__Assignment__
Return the data below unchanged, without images.

__Information provided__
:::::

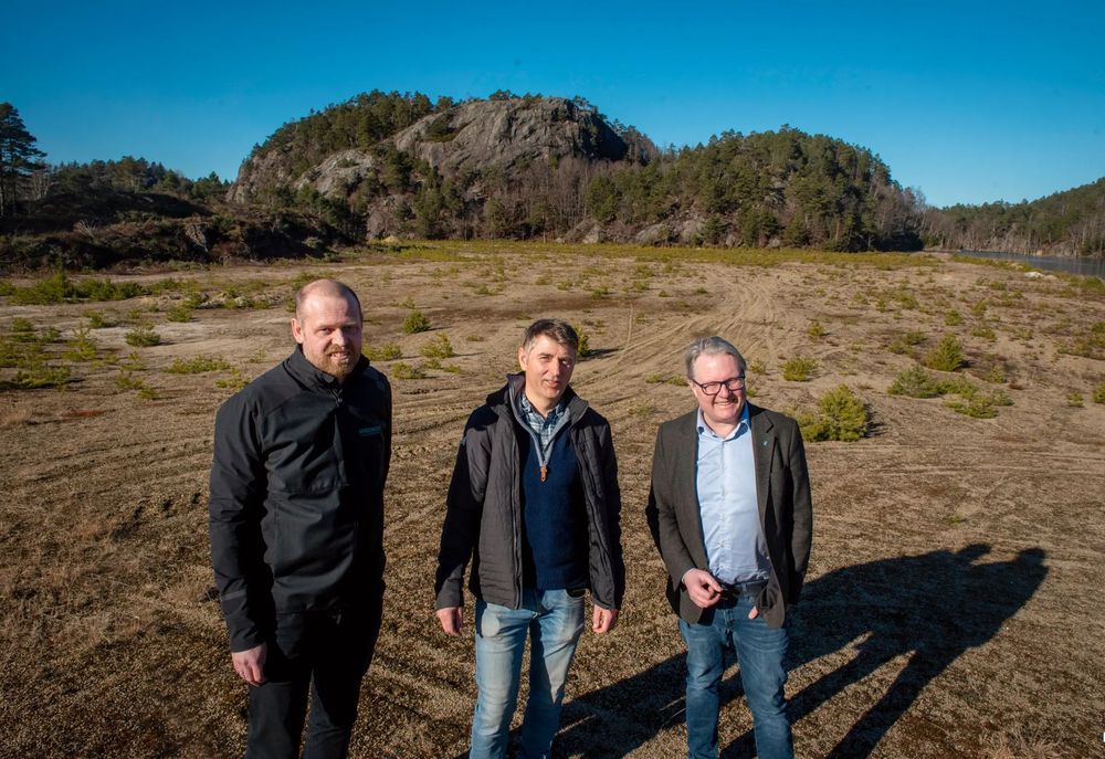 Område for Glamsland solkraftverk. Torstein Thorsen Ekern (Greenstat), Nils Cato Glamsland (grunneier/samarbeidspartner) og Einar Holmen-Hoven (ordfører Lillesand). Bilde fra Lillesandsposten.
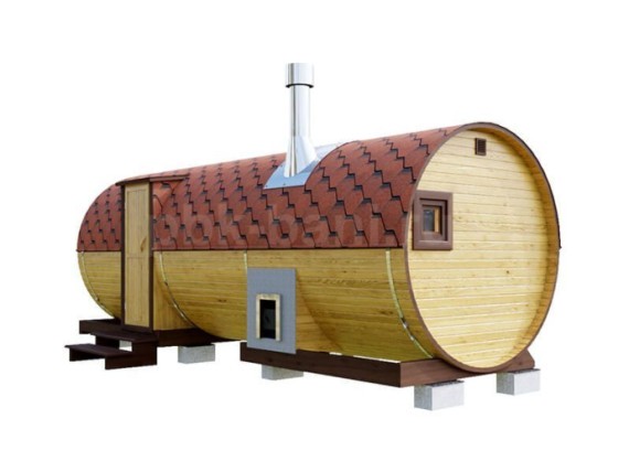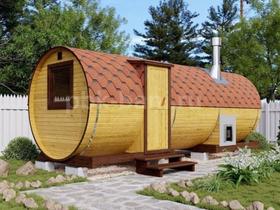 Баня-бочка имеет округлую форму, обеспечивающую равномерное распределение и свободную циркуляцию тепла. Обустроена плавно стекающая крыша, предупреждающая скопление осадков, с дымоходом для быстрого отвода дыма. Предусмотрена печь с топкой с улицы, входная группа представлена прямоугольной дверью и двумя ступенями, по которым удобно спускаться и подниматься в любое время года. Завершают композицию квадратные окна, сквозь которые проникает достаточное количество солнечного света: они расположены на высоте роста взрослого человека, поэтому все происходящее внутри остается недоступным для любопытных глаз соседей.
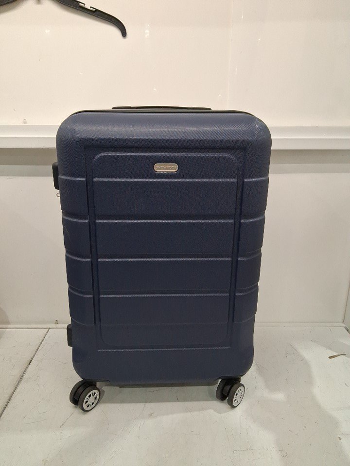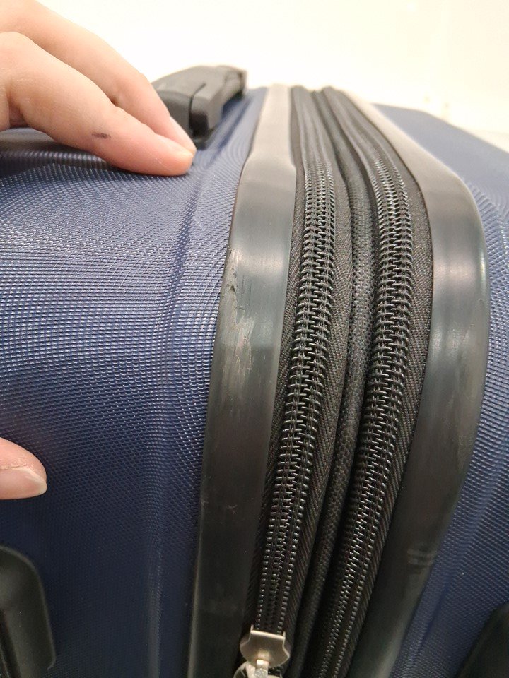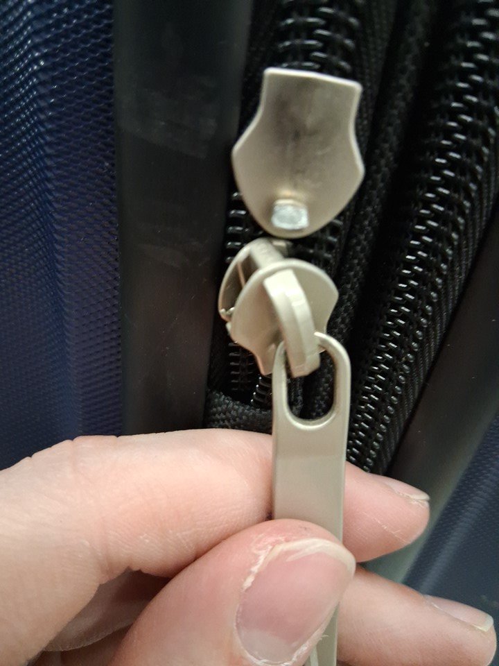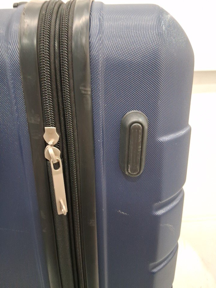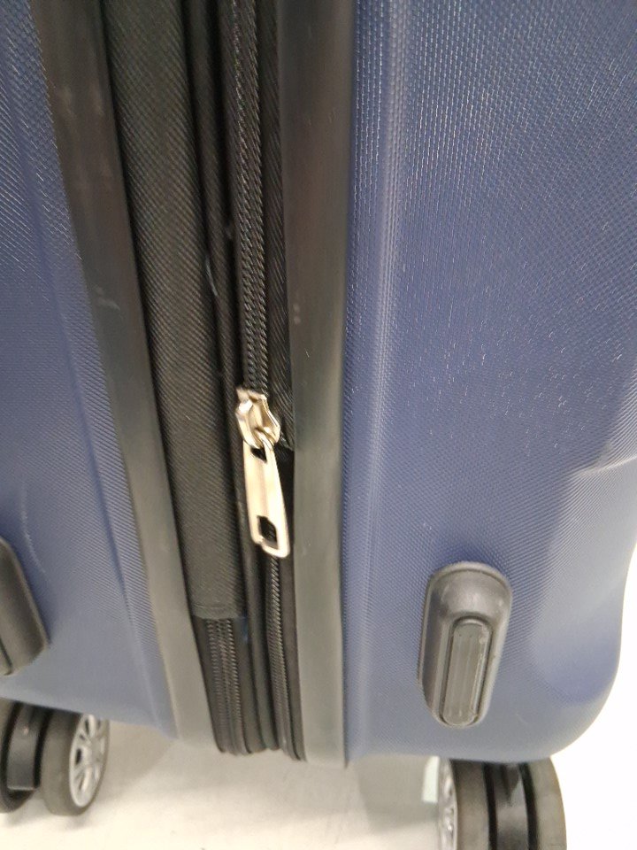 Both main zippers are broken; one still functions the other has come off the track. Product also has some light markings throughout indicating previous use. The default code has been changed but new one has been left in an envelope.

:::::

__Solution for this exercise__
 Område for Glamsland solkraftverk. Torstein Thorsen Ekern (Greenstat), Nils Cato Glamsland (grunneier/samarbeidspartner) og Einar Holmen-Hoven (ordfører Lillesand). Bilde fra Lillesandsposten.
 Баня-бочка имеет округлую форму, обеспечивающую равномерное распределение и свободную циркуляцию тепла. Обустроена плавно стекающая крыша, предупреждающая скопление осадков, с дымоходом для быстрого отвода дыма. Предусмотрена печь с топкой с улицы, входная группа представлена прямоугольной дверью и двумя ступенями, по которым удобно спускаться и подниматься в любое время года. Завершают композицию квадратные окна, сквозь которые проникает достаточное количество солнечного света: они расположены на высоте роста взрослого человека, поэтому все происходящее внутри остается недоступным для любопытных глаз соседей.
 Both main zippers are broken; one still functions the other has come off the track. Product also has some light markings throughout indicating previous use. The default code has been changed but new one has been left in an envelope.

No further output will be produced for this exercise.